Os limites impostos pela convivência social tornaram-se pouco relevantes. O controle social exercido pelo Estado não conseguiu substituir o controle difuso da sociedade, seja com a perspectiva de isolamento, seja pelo simples falatório. Polícia, Ministério Púbico, Judiciário e cadeia não se mostraram efetivos em face da mudança cultural que integra o elenco de fatores relacionados com os altos índices de criminalidade em alguns países. 

Os pais já não têm autoridade, combatidos que foram em nome da repulsa ao patriarcado e em razão dos limites impostos às práticas disciplinares adotadas pelas gerações anteriores. A escola também suavizou os controles sociais. Violência como palmatória, quarto escuro e outros procedimentos disciplinares duros foram abolidos. Eram pequenas tragédias que repudiamos. Friedrich Nietzsche (1844 – 1900) concluiu, como estudioso da tragédia grega, que esta era a representação um limite, uma forma de defesa da sociedade. 

A escola adotou métodos voltados para a sensibilização, conforme relata Pascal Bernardin (1960 – vivo) na obra Maquiavel pedagogo. Tentamos afastar o que Sigmund Freud (1856 – 1939), na obra Mal-estar na civilização, entendeu ser uma inconformidade das pulsões de vida e de morte em face das limitações impostas pela convivência social civilizada. Abrimos para a abolição dos citados limites, nas sociedades em que outros fatores concorrem para o retorno à barbárie. 

Fluxos migratórios, tecnologias de comunicação, urbanização e mudança da dinâmica demográfica não são suficientes para explicar a profunda e rápida mudança cultural. 
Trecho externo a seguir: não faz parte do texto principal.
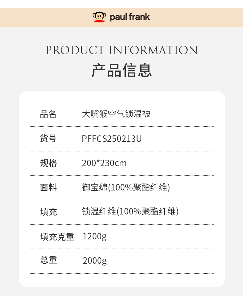 大嘴猴空气锁温被200×230cm(2000g)

Eliminamos a violência regulamentada na escola. Eliminamos as pequenas tragédias. Só restou a violência informal, quando estudantes se agridem das mais diversas formas e professores são ameaçados ou agredidos. A violência oficial era um método grosseiro, que merece repúdio. Mas a violência que havia era regulamentada. (1) Havia pessoa, (2) motivo e (3) circunstância definidas. A palmatória era uso privativo da professora ou de pessoa autorizada por ela. O lugar era o momento da aula. A criança não podia ser espancada com a palmatória na rua ou fora da aula, nem por qualquer motivo ou sem motivo. Hoje o espancamento e até o tiro pode vir de qualquer um, a qualquer hora, por motivo imprevisível. 

(iv) A escolarização e o acesso à cultura letrada 

A escolarização da população cresceu. O acesso à cultura letrada aumentou. Pensadores de grande prestígio tornaram-se conhecidos, ainda por comentários nem sempre fiéis de divulgadores, ainda que nem sempre bem compreendidos, ainda que lidos, descrição do fenômeno feita por Leandro Konder (1936 – 2014) na obra A derrota da dialética. Televisão, rádio, jornais e revistas há muito tempo divulgavam, ao lado de amenidades e vulgaridades, versões do pensamento sofisticado de grandes pensadores, que podem ser muito citados, pouco lidos e ainda menos compreendidos. 

Esta é apenas parte dos fatores que devemos examinar para entender a profunda revolução cultural. Outras variáveis importantes não podem ser negligenciadas quando se queira estudar os fenômenos aqui abordado.